It seemed an impossible project. Irrational, even.
But then the numbers started coming in to Vancouver fiber artist Sally Sellers’ home. Some were sequined, some quilted, some embroidered, some drawn, and some dyed.
More than 1,800 digits of pi made their way to Sellers from across the globe in recognition of 2015’s ultimate Pi Day: March 14, 2015 at 9:26:53 a.m. Break down the digits and you get 3.141592653. For non-math lovers, that’s the first 10 digits of pi. The next time that happens will be in 2115.
Sellers has spent the last few weeks hurriedly stitching the Pi Ribbon together, and on Saturday, she and a team of volunteers draped the 1,350-foot-long piece around the Kiggins Theatre in downtown Vancouver.
In May, the Pi Ribbon will be displayed in the North Bank Gallery in downtown Vancouver, and there are still many digits to add, Sellers said.
“It’s still hard to grasp that it’s this long and we have so many more numbers to go,” Sellers said, gazing at the rainbow of numbers over her head.
The project began about a year ago, when Sellers decided she had to do something to commemorate the century’s most mathematical day. She put out the call on quilting forums and on her website for people to make their own digits and mail them to her.
Many came from out of country, including 375 from France. Some bore red, white and blue pens and the phrase “Je suis Charlie,” the slogan adopted by supporters of freedom of the press following the Jan. 7 attack on the offices of French satirical newspaper Charlie Hebdo.
Heather and Michael Lindberg of Felida visited the display to find the digits their children made. Michael Lindberg, a third-grade teacher at Felida Elementary School, used the special day to introduce his students to the concept of pi.

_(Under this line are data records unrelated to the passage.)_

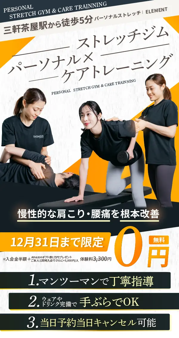 ELEMENTではパーソナルストレッチをした後に、その方の身体の機能を向上させるトレーニングも指導させていただきます。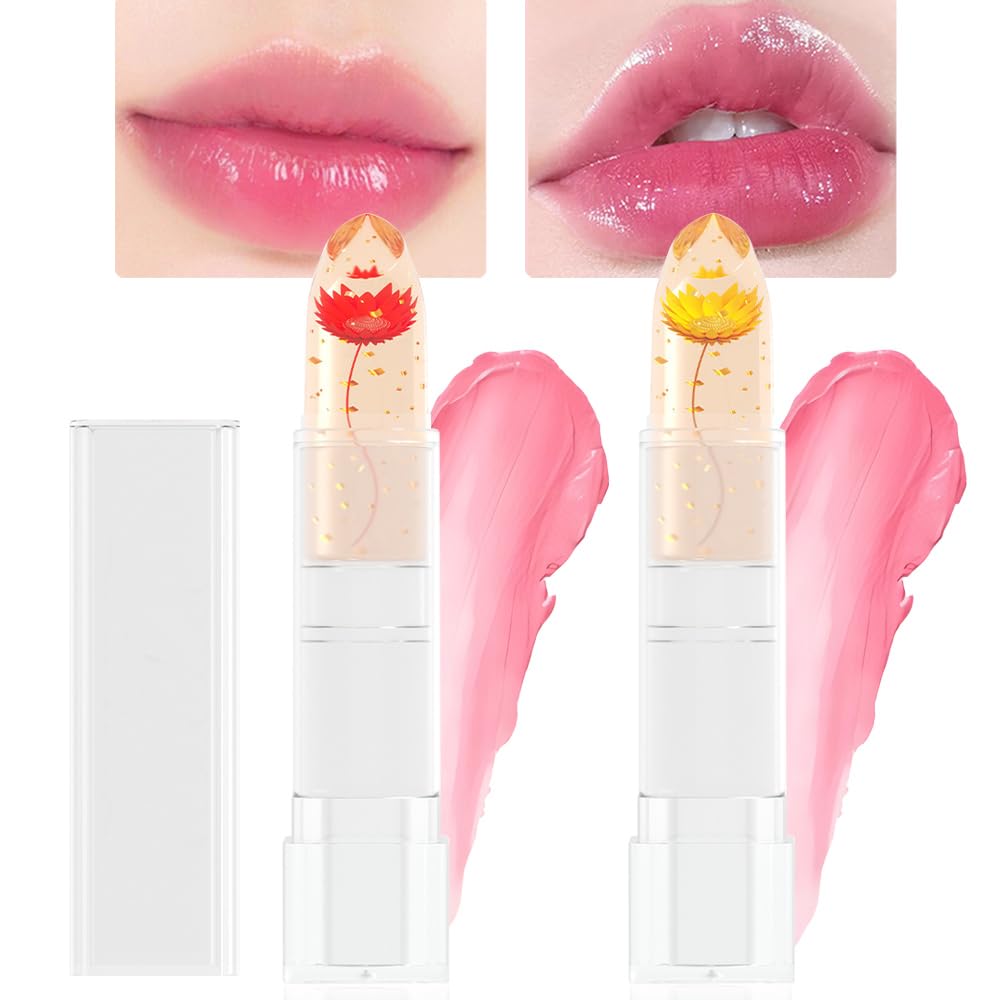 ✅【Item Type】2 pieces flower jelly lipstick set in 2 different colors ( Red & Yellow flower), Mood Color Changing lipstick Long Lasting Moisturizing Lip Stick Lip Moisturizer Lip Gloss Lip Makeup.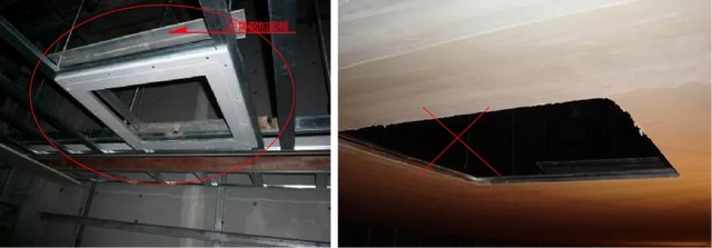 5、经常上人的大型空间检修孔要加固,顶面检修口增加5#角钢加固框,防止以后在工人维修时破坏吊顶。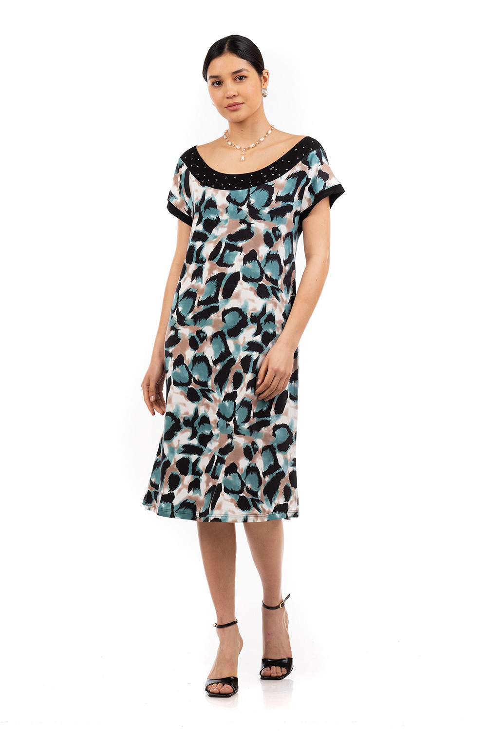 Ανανεώστε την διάθεση σας με αυτό το εντυπωσιακό καλοκαιρινό φόρεμα σε ζωηρό τροπικό μοτίβο. Φτιαγμένο από απαλό βισκόζ, χαρίζει αέρινη εφαρμογή και κομψότητα. Το ζωηρό μοτίβο, η χαλαρή γραμμή και η κολακευτική λαιμόκοψη με στρας-μέταλλα επάνω, το καθιστούν ιδανικό για την παραλία ή τις βόλτες σας στην πόλη.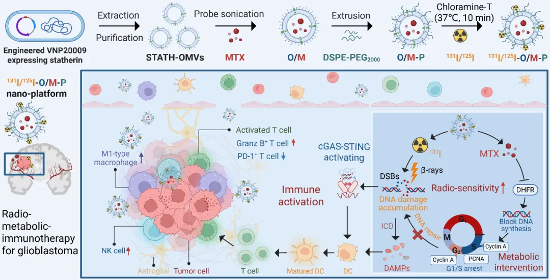 脑胶质瘤因位置深、血脑屏障坚固且免疫环境高度抑制,导致治疗效果差、复发快。现有方案中,单纯放疗易因肿瘤细胞损伤修复而失效;甲氨蝶呤(MTX)虽能干扰DNA合成,却难以精准入脑且易损伤正常组织;免疫疗法则因脑内缺乏有效免疫激活信号而响应微弱。细菌外膜囊泡(OMVs)作为源自微生物的纳米级载体,天然具备免疫激发潜能,且可安全递送药物进入复杂组织,在脑部疾病治疗中具有潜在适用性。然而,天然囊泡存在脑瘤靶向效率低、无法同步负载放射性物质与化疗药的缺陷,导致治疗碎片化、效应不同步。因此,如何让放射杀伤、代谢抑制与免疫唤醒在同一时空维度精准接力,成为突破脑胶质瘤治疗瓶颈的关键矛盾。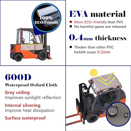- 【600D Silver Oxford Cloth Canopy 】– Waterproof and sunscreen, reflects UV rays, protects against rain and snow, and improves forklift driver working conditions.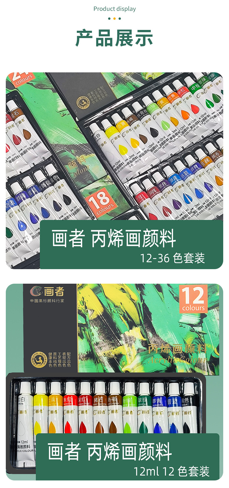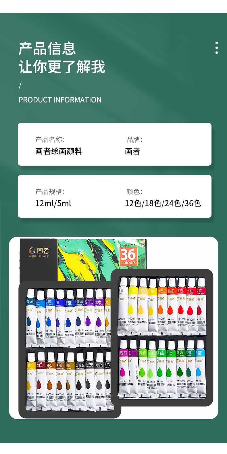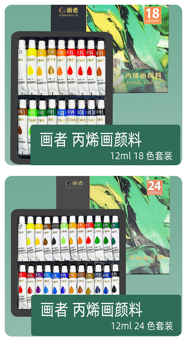 画者丙烯画颜料套装12/18/24/36色5/12ml管装便携DIY绘画美术套装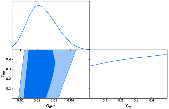 The helium abundance, , can be measured by the cosmic microwave background (CMB) since the damped tail of the CMB anisotropies is affected by the free electron density between the helium and hydrogen recombination, which is modified by variations in [21]. Using this method and allowing to vary as a derived parameter in the framework of CDM model, Planck Collaboration et al. [22] gave the following constraints from the Planck TT, TE, EE, and lowE datasets at a 95% confidence level:

Though they didn’t make numbers for the ribbon, students created a “Pi-scape,” using digits of pi and wrote “Pi-kus,” poems with three syllables in the first line, one syllable in the second and four in the last, Michael Lindberg said.
“It’s not just some facetious little celebration,” he said. “There’s some real academic stuff you can do with it.”
Gov. Jay Inslee and Sen. Patty Murray also submitted numbers, as well as officers from the Vancouver Police Department and students from across the country. One precocious Massachusetts 9-year-old sent in a sparkling purple decimal point in January after noticing in photos online that the ribbon was missing one.
“Opening them up was like Christmas,” Sellers said. “How can you have this many people, and they’re all different? There are so many different voices.”
The Kiggins continued its celebration of Pi Day into the evening with a showing of “Pi,” a film written and directed by Darren Aronofsky.
The ribbon will go on display at North Bank Gallery on May 1, according to the gallery’s website.